Look at the image above. Which forecast seems more appropriate: the red straight line (1) or the purple wavy line (2)? Many demand planners might choose option 2, thinking it better captures the ups and downs. But, in many cases, the straight line is just fine. Here’s why.

In a previous post on Structure vs. Noise, we talked about how a time series is made up of different components (such as level, trend, and seasonality), and how the main goal of a point forecast is to capture the structure of the data, not the noise. Noise is unpredictable, and it should be treated by capturing uncertainty around the point forecasts (e.g., prediction intervals).

So the answer to the question in the very beginning of this post comes to understanding what sort of structure we have in the data. In the series attached to the image, the only structure we have is the level (average sales). There’s no obvious trend, no seasonality, no apparent outliers, and we do not have promotional information or any explanatory variables. The best you can do in that situation is capture the level correctly and produce a straight line (parallel to the x-axis) for the next 10 observations.
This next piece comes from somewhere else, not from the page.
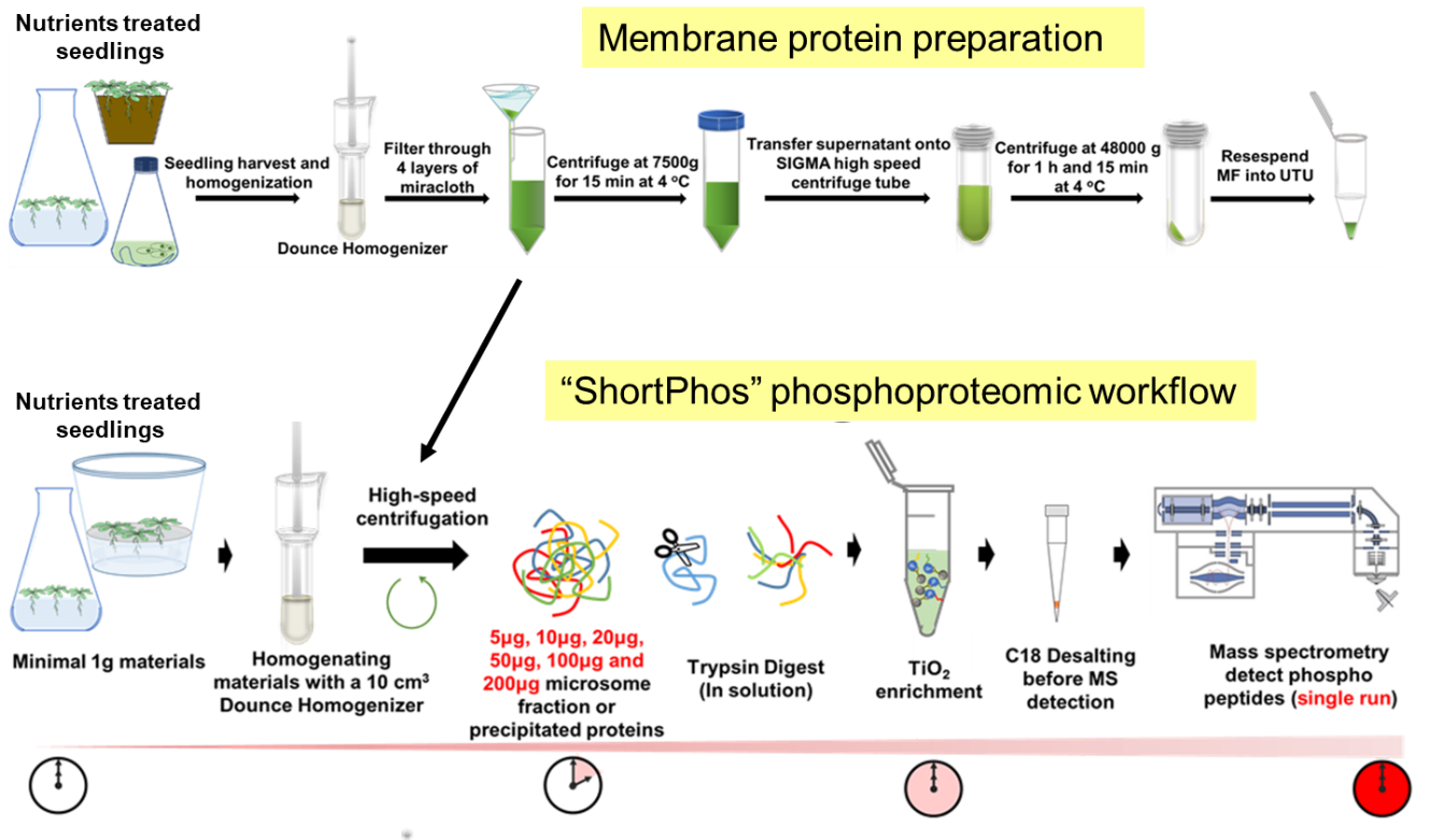 1. 利用定量蛋白组学 (特别是磷酸化蛋白组学和蛋白互作) 以及系统生物学结合分子生物学和生理学的方法研究植物膜蛋白,特别是受体激酶和转运蛋白在蔗糖,氮和磷信号通路中的功能。

In this case, we used our judgment to decide what’s appropriate. That works well when you’re dealing with just a few time series. Petropoulos et al. (2018) showed that humans are quite good at selecting models in such a task as above. But what do you do when you have thousands or even millions of time series?

The standard approach today is to apply several models or methods and choose the one that performs best on a holdout sample using an error measure, like RMSE (Root Mean Square Error, for example, see this). In our example, the red line produced a forecast with an RMSE of 10.33, while the purple line had an RMSE of 10.62, suggesting that the red line is more accurate. However, relying only on one evaluation can be misleading because just by chance, we can get a better forecast with a model that overfits the data.

To address this, we can use a technique called “rolling origin evaluation” (Tashman, 2000). The idea is to fit the model to the training data, evaluate its performance on a test set over a specific horizon (e.g., the next 10 days), then add one observation from the test set to the training set and repeat the process. This way, we gather a distribution of RMSEs, leading to a more reliable conclusion about a model’s performance. Nikos Kourentzes has created a neat visualization of this process:

For more details with examples in R, you can check out Section 2.4 of my book.

After doing a rolling origin evaluation, you might find that the straight line is indeed the best option for your data. That’s perfectly fine – sometimes, simplicity is all you need. But then the real question becomes: what will you do with the point forecasts you’ve produced?